REQUIREMENT => Below are the records. Retype exactly the lines between the lines holding "好了有了最低配置要求,那么我" and "Diante do lamentável", inclusive.

DATASET RECORDS =>
-----
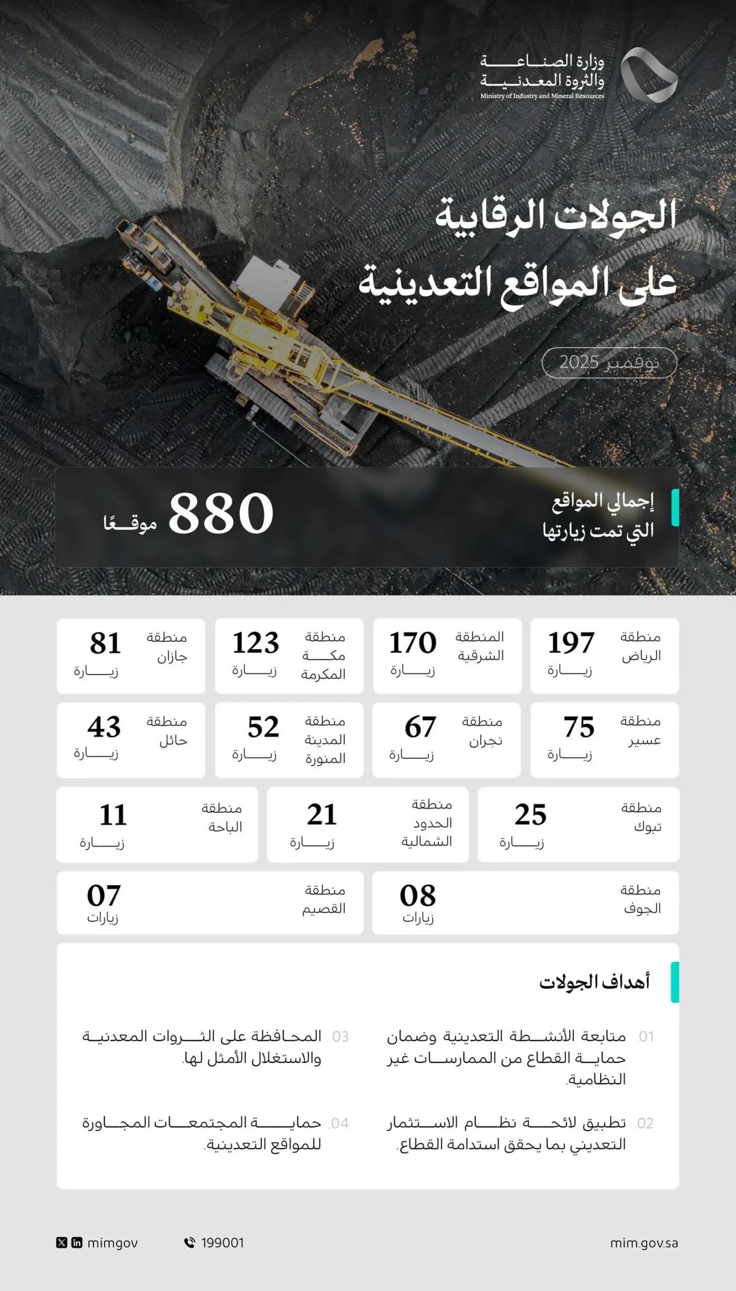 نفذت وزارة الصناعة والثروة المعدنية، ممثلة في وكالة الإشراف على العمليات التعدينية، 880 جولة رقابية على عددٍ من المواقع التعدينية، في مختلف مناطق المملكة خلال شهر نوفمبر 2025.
-----
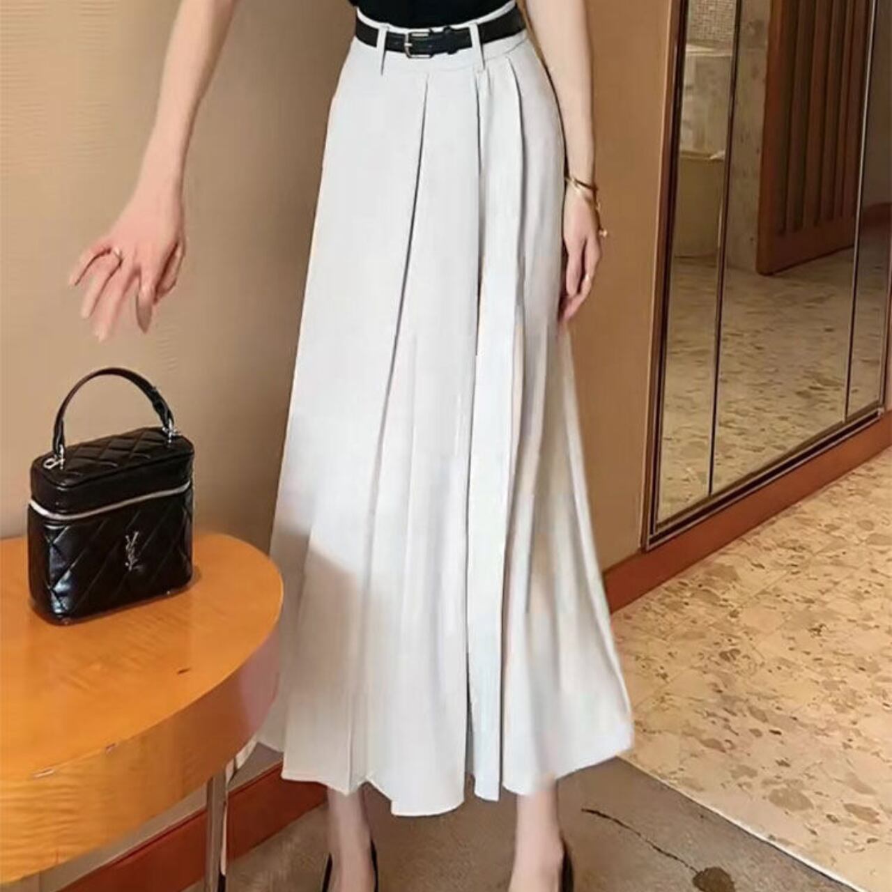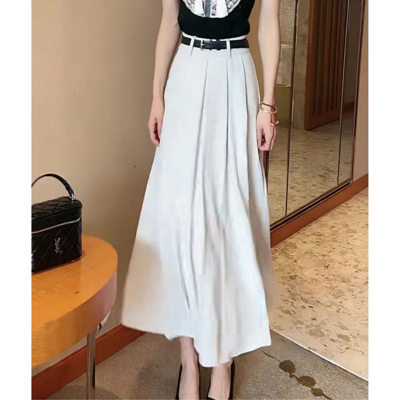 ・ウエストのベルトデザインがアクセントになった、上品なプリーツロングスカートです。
-----
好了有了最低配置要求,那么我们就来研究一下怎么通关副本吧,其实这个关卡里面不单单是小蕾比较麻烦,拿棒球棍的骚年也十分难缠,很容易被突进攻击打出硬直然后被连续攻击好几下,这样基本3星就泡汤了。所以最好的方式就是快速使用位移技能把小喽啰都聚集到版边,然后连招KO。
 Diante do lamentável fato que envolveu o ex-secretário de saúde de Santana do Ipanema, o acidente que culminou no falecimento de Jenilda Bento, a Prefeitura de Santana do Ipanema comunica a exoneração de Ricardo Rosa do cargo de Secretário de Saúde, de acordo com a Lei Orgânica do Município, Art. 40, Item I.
-----
SOLUTION BELOW =>
好了有了最低配置要求,那么我们就来研究一下怎么通关副本吧,其实这个关卡里面不单单是小蕾比较麻烦,拿棒球棍的骚年也十分难缠,很容易被突进攻击打出硬直然后被连续攻击好几下,这样基本3星就泡汤了。所以最好的方式就是快速使用位移技能把小喽啰都聚集到版边,然后连招KO。
 Diante do lamentável fato que envolveu o ex-secretário de saúde de Santana do Ipanema, o acidente que culminou no falecimento de Jenilda Bento, a Prefeitura de Santana do Ipanema comunica a exoneração de Ricardo Rosa do cargo de Secretário de Saúde, de acordo com a Lei Orgânica do Município, Art. 40, Item I.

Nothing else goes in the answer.